The use of minoxidil in children is restricted to children with severe hypertension associated with target organ damage where other treatment has failed. The data regarding the use of minoxidil in children is very limited, especially in infants. The dosage recommendations can only be considered as a rough guide to treatment at present as this is based on the publication of a few case reports and studies involving a small number of children. The starting dose used based on these reports is 0.2 mg/kg of minoxidil as a single or divided dose. Careful titration increasing in steps of 0.1 to 0.2 mg/kg/day at intervals of at least 3 days is essential. The effective dose range is 0.25 to 1.0 mg/kg/day. The maximum dose is 50 mg/day.
Treatment of children with minoxidil should only be initiated under the close supervision of a specialist in hospital.
At present there are no extensive clinical studies with minoxidil in patients over age 65. There is data indicating that elevated systolic and diastolic pressures are important risk factors for cardiovascular disease in individuals over age 65. However, elderly patients may be sensitive to the blood pressure lowering effect of minoxidil and thus caution is urged in initiating therapy as orthostatic hypotension may occur. It is suggested that 2.5 mg per day be used as the initial starting dose in patients over 65 years of age.
It is recommended that, where possible, antihypertensive therapy, other than a beta-adrenergic blocking agent and a diuretic be discontinued before minoxidil treatment is started. It is recognised that some antihypertensive agents should not be abruptly discontinued. These drugs should be gradually discontinued during the first week of minoxidil treatment.
Minoxidil causes sodium retention and if used alone can result in several hundred milli-equivalents of salt being retained together with a corresponding volume of water.
Therefore, in all patients who are not on dialysis, minoxidil must be given in conjunction with a diuretic in sufficient dosage to maintain salt and water balance. Examples of the daily dosages of diuretics commonly used when starting therapy with minoxidil include:
1. Hydrochlorothiazide (100 mg) - or other thiazides at equi-effective dosage.

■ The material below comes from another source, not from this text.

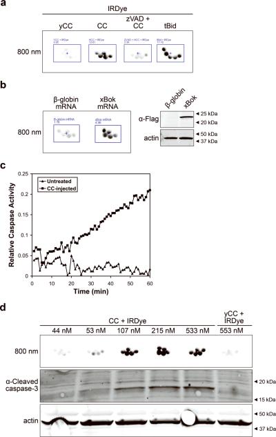 Figure 2. Oocyte fluorescence is due to activation of caspases(A) Oocytes were injected with the IRDye and either yCC (267 nM), CC (267 nM), CC (267 nM) + z-VAD-fmk (40 nM), or tBid (167 nM) and imaged after 1 hour. Average oocyte fluorescence is displayed in Supplemental Figure 1c. (B) Left, IRDye and 20 ng of either B-globin or flag-tagged Xenopus Bok (xBok) mRNA was injected into oocytes, allowed to express for 5 hours at room temperature and them imaged. Average oocyte fluorescence is displayed in Supplemental Figure 1d. Right, oocyte lysates immunoblotted with anti-flag antibody demonstrated xBok expression. (C) Cell-free lysates were prepared from untreated or CC-injected oocytes, and analyzed for caspase activity over time after the addition of the colorimetric caspase substrate Ac-DEVD-pNA. (D) Top, oocytes were injected with the IRDye and increasing doses of CC or yCC and imaged after 1 hour. Bottom, lysates prepared from these oocytes immunoblotted for active caspase 3.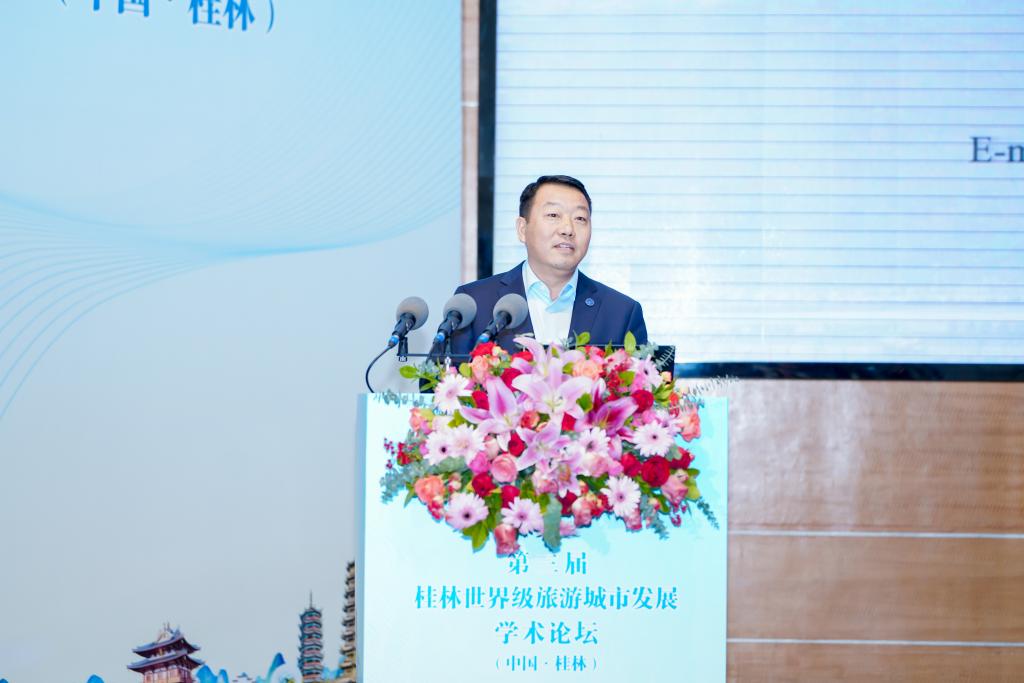 第二位出席论坛的专家是云南财经大学明庆忠教授。明教授在大会上做了题为“打造世界旅游名城发展思路与方略”的主旨报告,深入探讨了丽江古城成功打造世界旅游名城的五大优势:世界遗产级的独特资源、优越的区位优势、多重叠加的政策优势、响亮的品牌知名度以及多元化的旅游产品。他认为,这些优势为丽江打造世界旅游名城奠定了坚实基础。随后,明教授强调了打造世界旅游名城的巨大价值。他指出,这不仅能提升城市的内涵,还能增强城市的国际影响力,为区域发展提供强劲动力。在战略定位方面,明教授提出,遵循“国际化、高端化、特色化、智慧化”的理念,丽江采取“统筹谋划、有序推进;遵循规律、彰显特色;扬长补短、软硬结合;政府引导、社会参与;以人为本、主客共享”原则开展世界旅游名城建设。此外,明教授系统阐述了打造世界旅游名城的七条具体方略,并结合生动案例进行了深入分析,为桂林建设世界级旅游城市提供了可借鉴的经验。

2. Chlortalidone (100 mg).
3. Furosemide (80 mg).
If excessive water retention results in a weight gain of more than 3 pounds when a thiazide or chlortalidone is being used, diuretic therapy should be changed to furosemide, the dose of which may be increased in accordance with the patient's requirements. Diuretic dosage in children should be proportionally less in relation to weight.